Personal information
- Full name: Giles William Ecclestone
- Born: 17 October 1968 (age 57) Lambeth, London, England
- Batting: Left-handed
- Bowling: Right-arm medium
- Relations: Simon Ecclestone (brother)

Domestic team information
- 2002–2004: Cambridgeshire
- 1999–2001: Essex Cricket Board
- 1997: Minor Counties
- 1992/1993: Natal Country Districts
- 1989–1997: Cambridgeshire

Career statistics
| Competition | LA |
| Matches | 13 |
| Runs scored | 270 |
| Batting average | 20.76 |
| 100s/50s | –/2 |
| Top score | 92 |
| Balls bowled | 180 |
| Wickets | 4 |
| Bowling average | 39.25 |
| 5 wickets in innings | – |
| 10 wickets in match | – |
| Best bowling | 4/43 |
| Catches/stumpings | 9/– |
- Source: Cricinfo, 7 November 2010

= Giles Ecclestone =

English cricketer (born 1968)

Giles William Ecclestone (born 17 October 1968) is an English cricketer. Ecclestone is a left-handed batsman who bowls right-arm medium pace. He was born in Lambeth, London.

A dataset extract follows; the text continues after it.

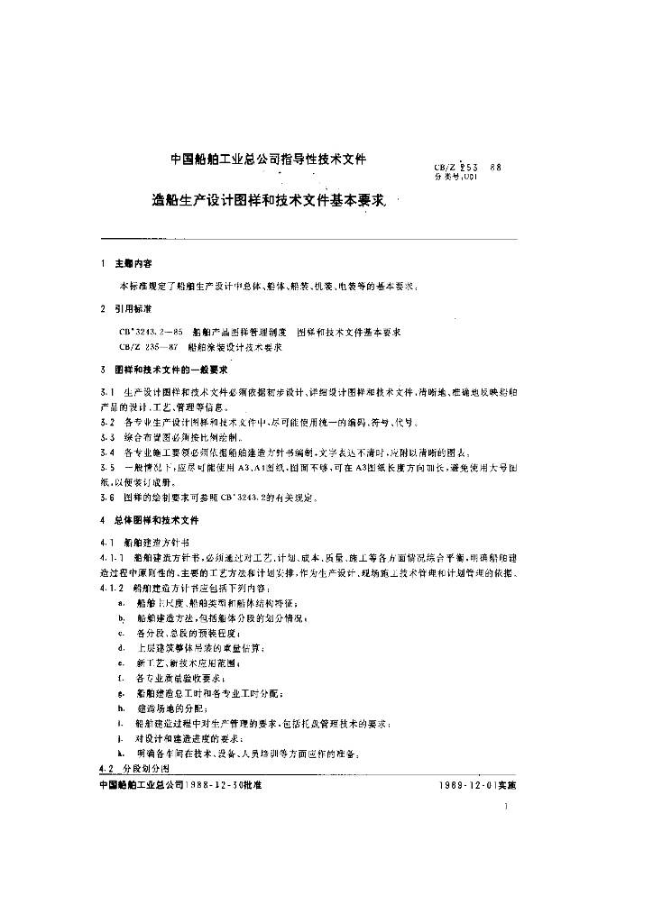 CB/Z 253-1988 造船生产设计图样和技术文件基本要求

Ecclestone made his debut for Cambridgeshire in the 1989 Minor Counties Championship against Suffolk. From 1989 to 1996, he represented the county in 41 Championship matches, following those up 6 years later with his final Championship appearance for Cambridgeshire against Bedfordshire. Ecclestone played in the MCCA Knockout Trophy for Cambridgeshire, making his debut in that competition against Suffolk in 1989. From 1989 to 1997, he played 17 Trophy matches. He followed that up during his second stint with the county by playing 5 more from 2002 to 2004, the last of which came against Cumberland.

It was for Cambridgeshire that Ecclestone made his debut in List A cricket against Northamptonshire in the 1992 NatWest Trophy. Following the 1992 season, he played a single List A match in South Africa for Natal Country Districts against Orange Free State. For Cambridgeshire, he played a further 4 List A matches during his first stint with the county, the last of which came against Hampshire in the 1997 NatWest Trophy. Ecclestone made his only appearance for a combined Minor Counties team in a List A match against Lancashire in the 1997 Benson and Hedges Cup.

In 1999, he made his debut for the Essex Cricket Board against Ireland in the 1999 NatWest Trophy. From 1999 to 2001, he represented the Board in 6 List A matches, the last of which came against the Sussex Cricket Board in the 1st round of the 2002 Cheltenham & Gloucester Trophy which was played in 2001. Ecclestone played a further List A match, which came during his second stint with Cambridgeshire when they played the Middlesex Cricket Board in the 2nd round of the 2003 Cheltenham & Gloucester Trophy which was played in 2002. Ecclestone played a total of 13 List A matches, during which he scored 270 runs at a batting average of 20.76, with 2 half centuries and a high score of 92. In the field he took 9 catches, while with the ball he took 4 wickets at a bowling average of 39.25, with best figures of 4/43.

He currently plays club cricket for Saffron Walden Cricket Club in the East Anglian Premier League. In February 2020, he was named in England's squad for the Over-50s Cricket World Cup in South Africa. However, the tournament was cancelled during the third round of matches due to the coronavirus pandemic.

==Family==
His brother, Simon, played first-class cricket for Oxford University and Somerset, as well as List A and Minor counties cricket for Cambridgeshire. He has a wife and 3 children, two daughters and one son.